**Provided records**

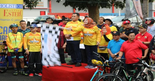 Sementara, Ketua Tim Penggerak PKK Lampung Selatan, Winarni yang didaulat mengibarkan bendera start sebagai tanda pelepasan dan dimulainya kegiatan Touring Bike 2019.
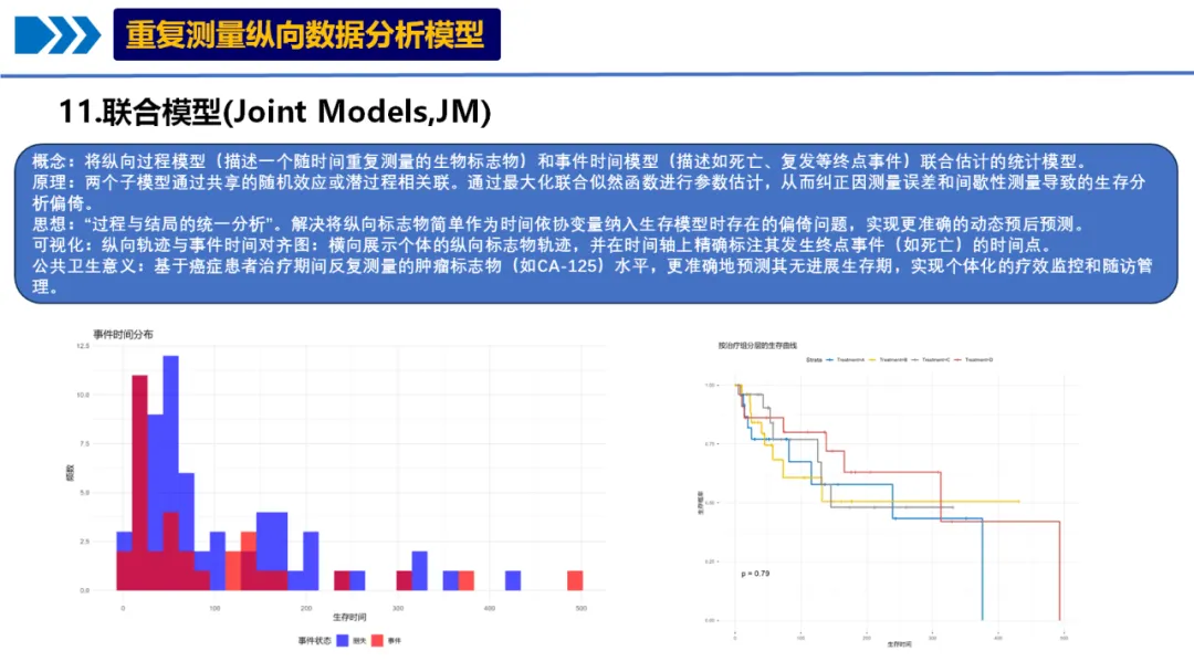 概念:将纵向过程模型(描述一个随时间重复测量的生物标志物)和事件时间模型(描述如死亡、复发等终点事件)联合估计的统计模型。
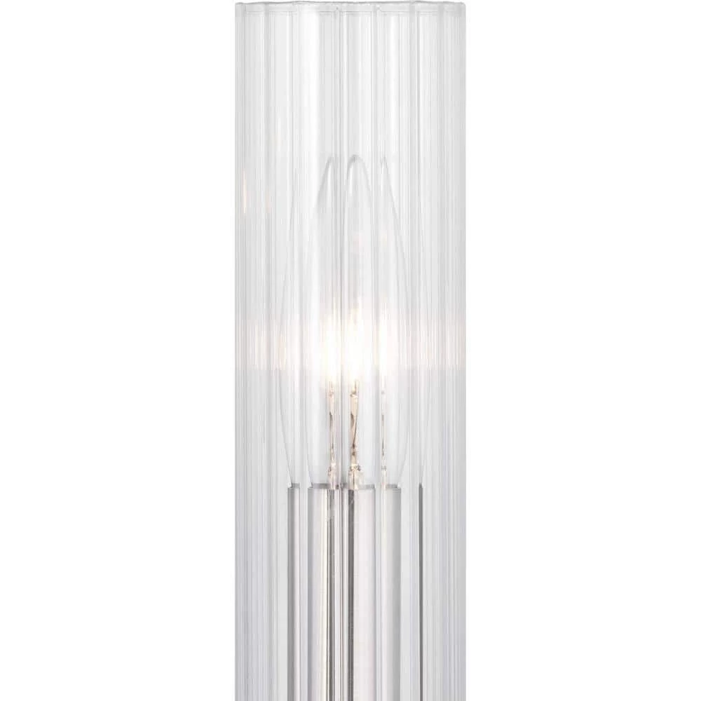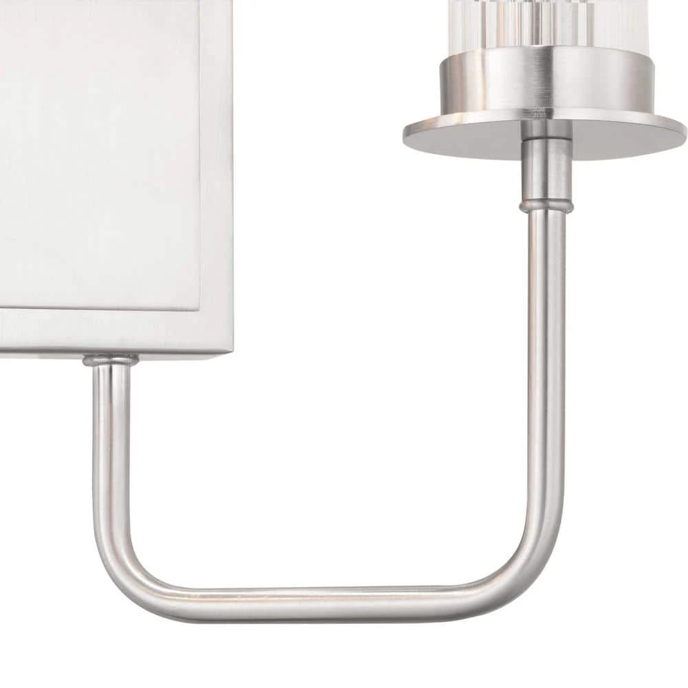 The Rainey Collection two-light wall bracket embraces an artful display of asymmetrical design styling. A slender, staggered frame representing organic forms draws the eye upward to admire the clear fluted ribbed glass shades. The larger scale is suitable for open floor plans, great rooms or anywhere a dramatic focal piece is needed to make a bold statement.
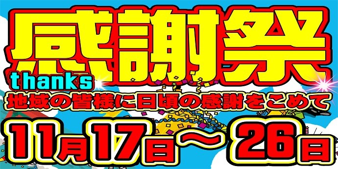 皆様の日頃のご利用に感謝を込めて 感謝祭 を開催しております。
* * *
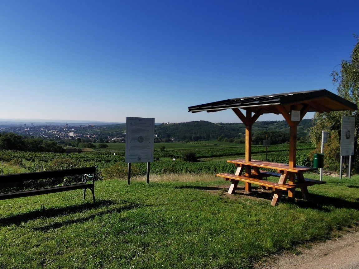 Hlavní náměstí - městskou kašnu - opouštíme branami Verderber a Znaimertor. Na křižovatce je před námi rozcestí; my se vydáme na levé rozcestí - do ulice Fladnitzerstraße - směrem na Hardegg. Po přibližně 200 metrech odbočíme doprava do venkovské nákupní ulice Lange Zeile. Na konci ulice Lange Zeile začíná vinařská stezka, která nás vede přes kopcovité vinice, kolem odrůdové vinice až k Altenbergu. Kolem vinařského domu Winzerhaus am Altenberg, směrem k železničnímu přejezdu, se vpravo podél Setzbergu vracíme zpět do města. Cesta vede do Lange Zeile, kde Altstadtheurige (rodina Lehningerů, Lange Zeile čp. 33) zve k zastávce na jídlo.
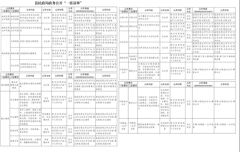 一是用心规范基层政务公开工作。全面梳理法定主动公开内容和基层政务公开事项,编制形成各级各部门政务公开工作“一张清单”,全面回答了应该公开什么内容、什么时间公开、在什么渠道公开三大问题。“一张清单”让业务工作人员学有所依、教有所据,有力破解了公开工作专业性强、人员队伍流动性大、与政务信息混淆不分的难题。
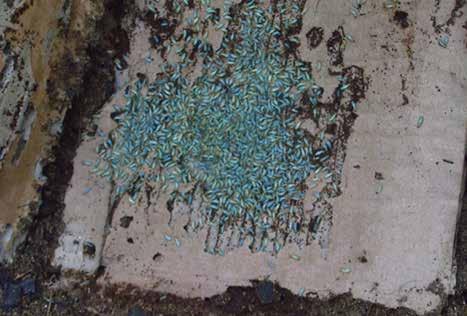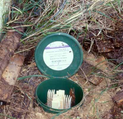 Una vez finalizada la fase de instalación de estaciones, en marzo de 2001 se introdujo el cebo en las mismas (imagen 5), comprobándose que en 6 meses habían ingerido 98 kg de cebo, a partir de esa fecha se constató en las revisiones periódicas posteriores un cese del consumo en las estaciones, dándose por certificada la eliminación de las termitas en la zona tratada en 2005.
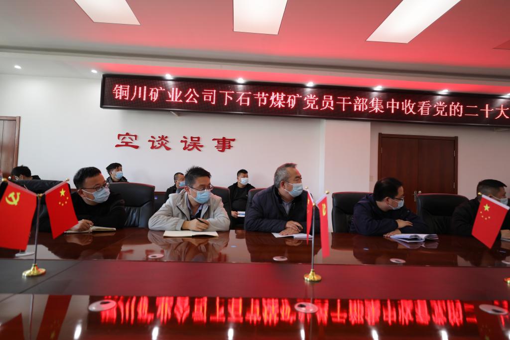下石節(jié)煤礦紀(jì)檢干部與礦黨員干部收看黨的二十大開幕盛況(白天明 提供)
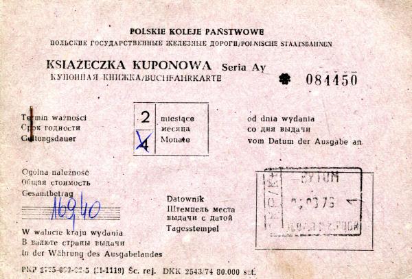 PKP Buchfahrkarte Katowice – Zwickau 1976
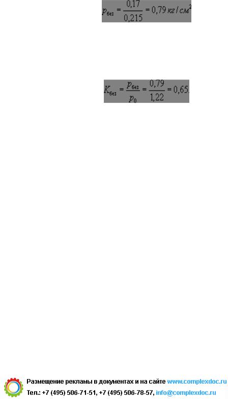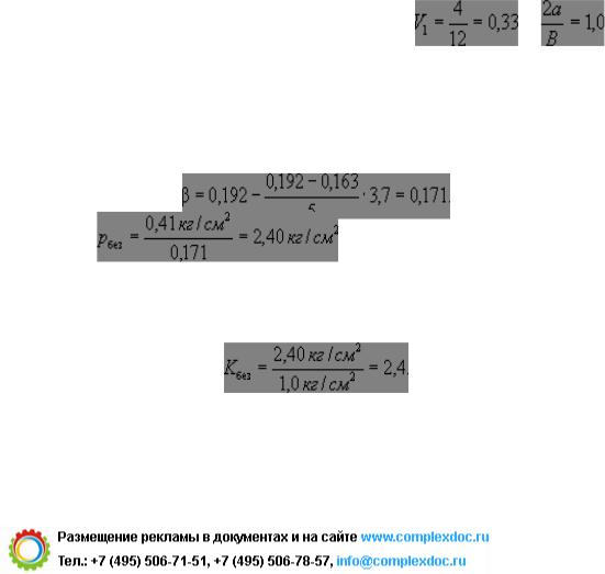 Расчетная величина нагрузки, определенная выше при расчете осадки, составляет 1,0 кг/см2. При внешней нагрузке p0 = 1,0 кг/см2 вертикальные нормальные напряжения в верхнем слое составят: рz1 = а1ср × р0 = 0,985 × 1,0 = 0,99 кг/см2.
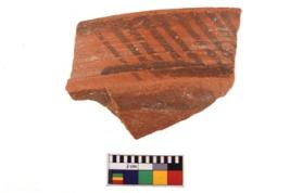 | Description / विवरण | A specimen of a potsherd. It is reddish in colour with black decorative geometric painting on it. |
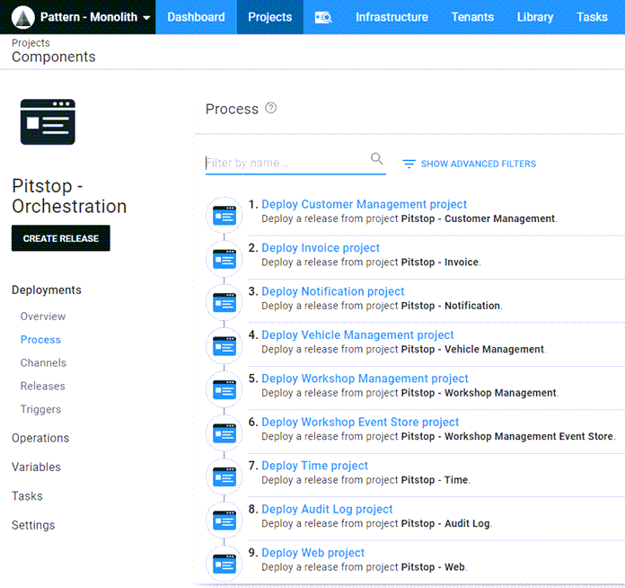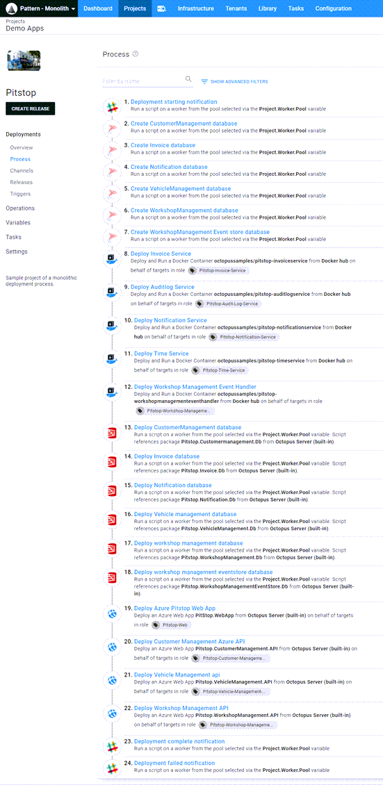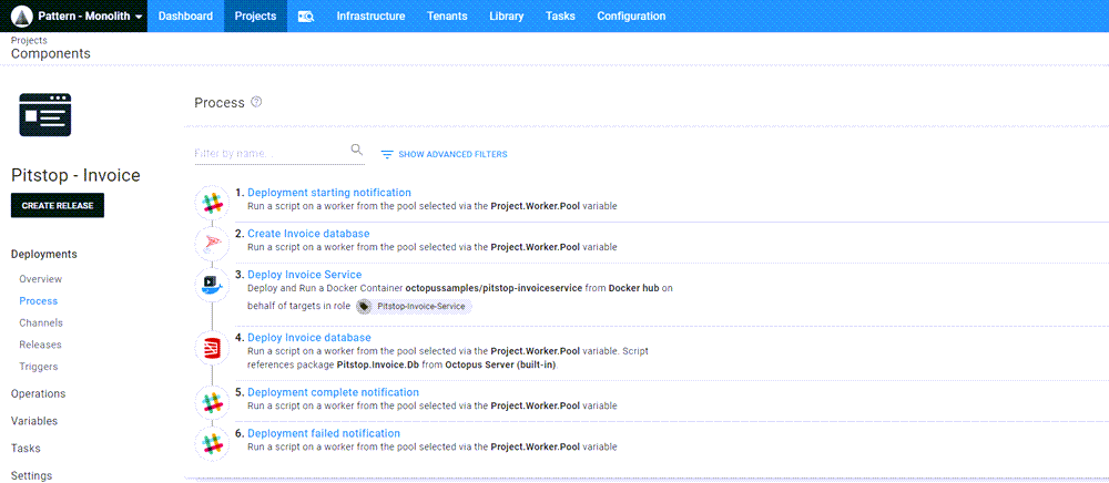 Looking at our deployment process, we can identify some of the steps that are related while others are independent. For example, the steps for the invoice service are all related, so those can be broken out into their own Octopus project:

**What you need to do**
Using the listing above, repeat word for word each line from the one with "Расчетная величина нагрузки, определенная" down to the one with "Looking at our", both included. Omit all pictures.

**Reply**
 Расчетная величина нагрузки, определенная выше при расчете осадки, составляет 1,0 кг/см2. При внешней нагрузке p0 = 1,0 кг/см2 вертикальные нормальные напряжения в верхнем слое составят: рz1 = а1ср × р0 = 0,985 × 1,0 = 0,99 кг/см2.
 | Description / विवरण | A specimen of a potsherd. It is reddish in colour with black decorative geometric painting on it. |
 Looking at our deployment process, we can identify some of the steps that are related while others are independent. For example, the steps for the invoice service are all related, so those can be broken out into their own Octopus project:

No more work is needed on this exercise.